Tip: when I give away my soaps, I usually tell my friends to not use them straight away but place them where they keep their towels. That way their towels get to smell lovely and the soap gets additional curing time!

7. Keep a record of your soaps

One of the most annoying things that can happen is when you use one of your soaps, after having cured for half a year or so, and then absolutely loving it, but when you try and remember what you put in it, you find you lost the piece of paper you wrote the recipe on. Particularly, when you start experimenting and creating your own recipes, make sure you write it down. Not just the recipe, but the method (did you use a stick blender), how the soaping process went (did it accelerate or thicken too quickly), how the ingredients behaved (did the fragrance discolour the soap), and how it cured (how long, DOS, any discolouring?). These notes will help you for future recipes and will also be a record of how certain ingredients behaved in soap. Have a separate notebook, just for your soap making. Write down the date and the recipe and then keep adding notes as you check and use the soap.

8. Less but more often

A lot of soap makers don’t have special soap making rooms or areas and just make soap in their kitchen, as do I. And it seems logical to dedicate a whole afternoon or a day to just soap making, like having ‘baking days’ or ‘canning days’. But unlike baking or canning, making soap is actually a quick and easy thing to do. You don’t need an oven or a lot of equipment, there’s not a lot of preparation and apart from the cooling down of the lye and oils, it doesn’t take that much time either. So instead of making a lot of soap in one time, make smaller amounts but more often.

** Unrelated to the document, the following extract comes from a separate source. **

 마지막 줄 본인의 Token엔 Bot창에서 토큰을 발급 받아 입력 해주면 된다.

I love preparing my lye and oils in the morning after everyone has left the house, and then I’ll do some blogging or writing (or housework), and about 1-2 hours later, I’ll go and make the soap, which should take no more than half an hour.

My favourite soap mold is this 4-bar square silicon mold from Pure Nature.

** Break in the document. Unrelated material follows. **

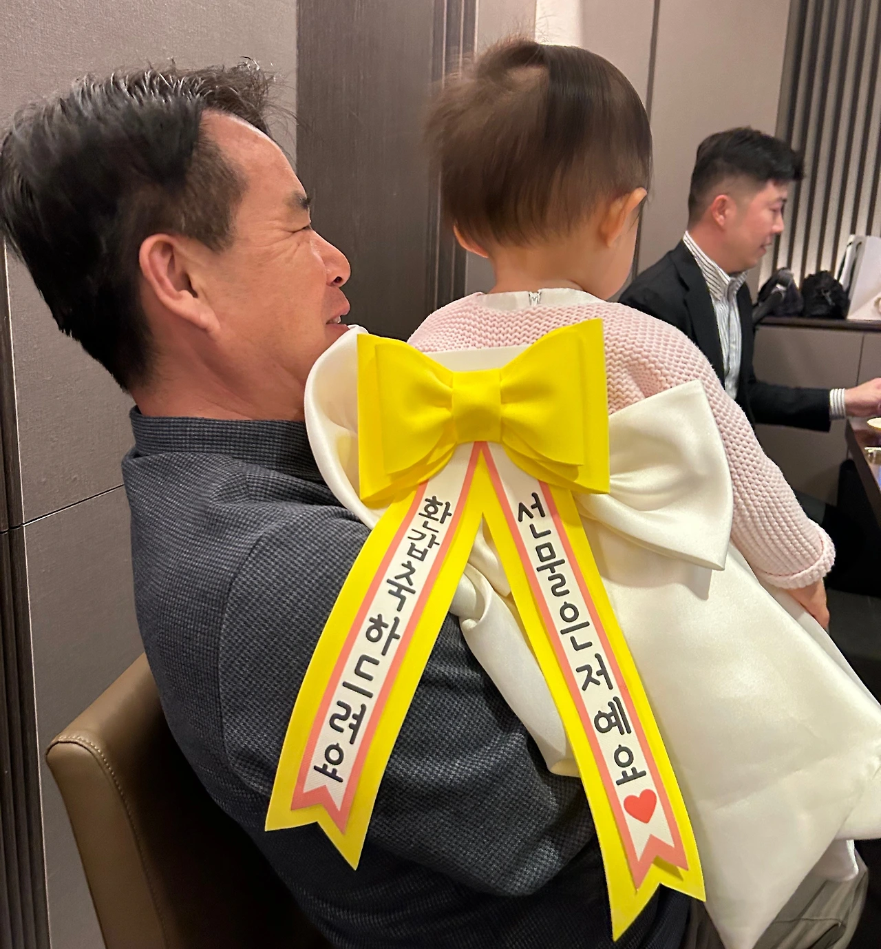 아들과 며눌님의 축하 꽃다발 전달을 시작으로

Regular practice makes perfect, the saying goes, and by making soap more often but only a batch at a time, means you get more practice. After a long break from soap making, like my annual summer break, I always find I need a few batches to get back into it. Making a simple soap at least a couple of times during my break, keeps me from getting too ‘rusty’!

9. Don’t get discouraged

Thomas Edison never gave up. The story goes it took him over 10000 tries to invent the light bulb and when asked why he never gave up, he replied: “I didn’t fail. I just found 10000 ways that didn’t work.” I love reminding myself of this, when a soap doesn’t turn out the way I wanted it to.

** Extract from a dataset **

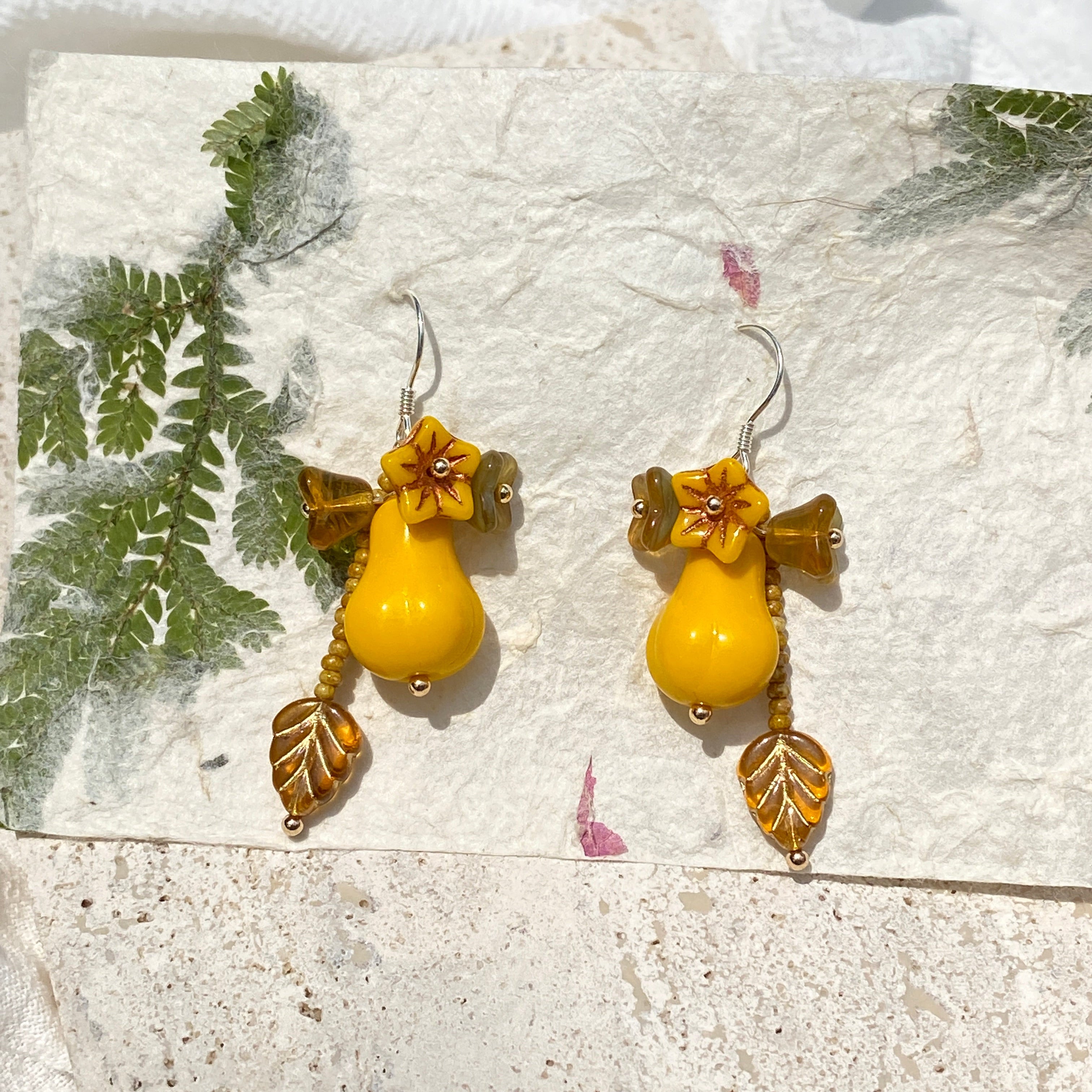 Handcrafted with Czech glass and 925 sterling silver, each earring features a bright yellow pear, tiny amber leaves, and a hint of floral green — like a little orchard, swaying beside your cheek.

Don’t be afraid to try new techniques, experiment with new ingredients or play with a new idea. It might not turn out the first time, or even the second time, but you will learn from those experiences. Get up, brush off the disappointment and try again. Find out what went wrong and how you can improve it or avoid it. My biggest lessons in my soap making journey came from my failures, and I am willing to bet that every other soap maker will tell you exactly the same thing. So don’t get discouraged and don’t be afraid to fail. It’s all about the journey. Making soap should be an enjoyable, fun experience, regardless if you are making one small batch or hundred bars of soap at a time.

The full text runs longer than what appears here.